I apologize for my previous post--- I was looking at the wrong thing in the pic. Now that I am on my computer I can see what you are talking about.;)

That appears to be bryopsis or green hair algae. Bryopsis has that feathery look to it. It feeds off of excess phosphates and nitrates which generally means you have too much nutrients in your water.
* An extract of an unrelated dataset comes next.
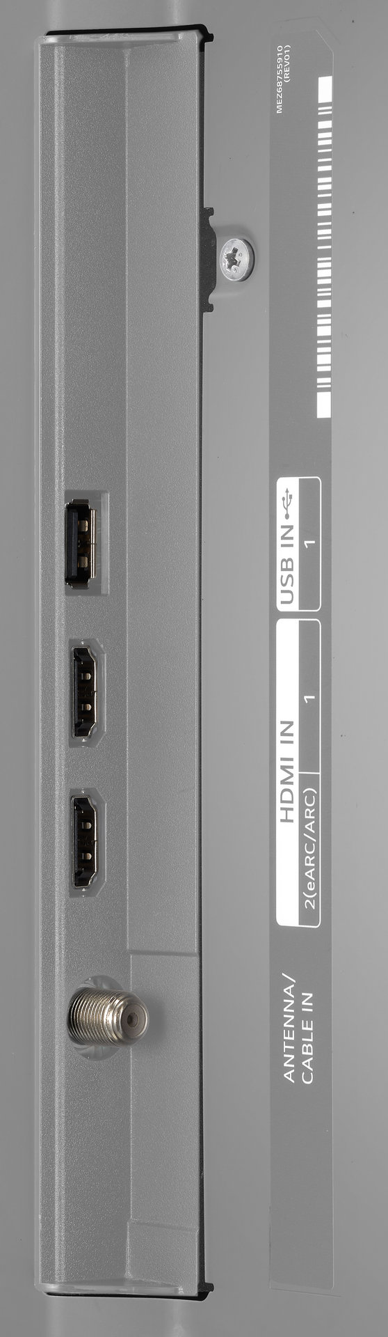 Боковая панель оснащена двумя входами HDMI v2.0 (один из которых совместим с ARC и eARC), одним разъемом USB 2.0, 2 антенными входами (для спутникового и кабельного/эфирного ТВ) и слотом условного доступа CI+. Кроме того на борту имеются встроенные беспроводные модули Wi-Fi (с поддержкой стандартов 802.11a, 802.11b, 802.11g, 802.11n, 802.11n 5 ГГц, 802.11ac, Wi-Fi Direct) и Bluetooth (поддерживается сопряжение с совместимыми устройствами по протоколу Bluetooth 5.0).

What are your water parameters? Are you running a skimmer? Are you using RO/DI water for your water changes and top off water? What livestock do you have and how much/what are you feeding?
 
+1 Salt
Looks like hair algea to me too. You can pull it off. Try to reduce feedings and increase water changes to help remove the excess nutrients.
 
My nitrites and ammonia are at zero. Nitrates were at 10. I did a 20% water change but did not check the nitrates again before work. PH levels at 8.2 and specific gravity at 1.23. Unfortunately I got the API test kit like I used with my FOWLR tank ten years ago. I haven't had a chance to change that out yet. I am using the RO water for top offs and changes now. Started the tank a month ago with dechlorinated tap but changed that right off after reading in these forums.

Livestock

No fish as of yet. Hoping for my first this weekend (depends on nitrate levels)
The Zoa pictured above
A Xenia coral
One polyp coral (singular, not a colony)
Three cerith snails
Five Astraea snails

There is also a crab in there. I am not sure of the exact type and he is still in hiding.

I am not feeding the tank at this time.

It is a nano. 14 gals bio cube. Bio balls removed but I do have the charcoal in the filter chamber. Should I remove it or keep it in?
 
Salt, what were you looking at? Do you actually see hydroids? Should I be looking at something else?

I missed a question. I am not running a skimmer.

I also have some green star polyps as well as the button polyp listed in the above post.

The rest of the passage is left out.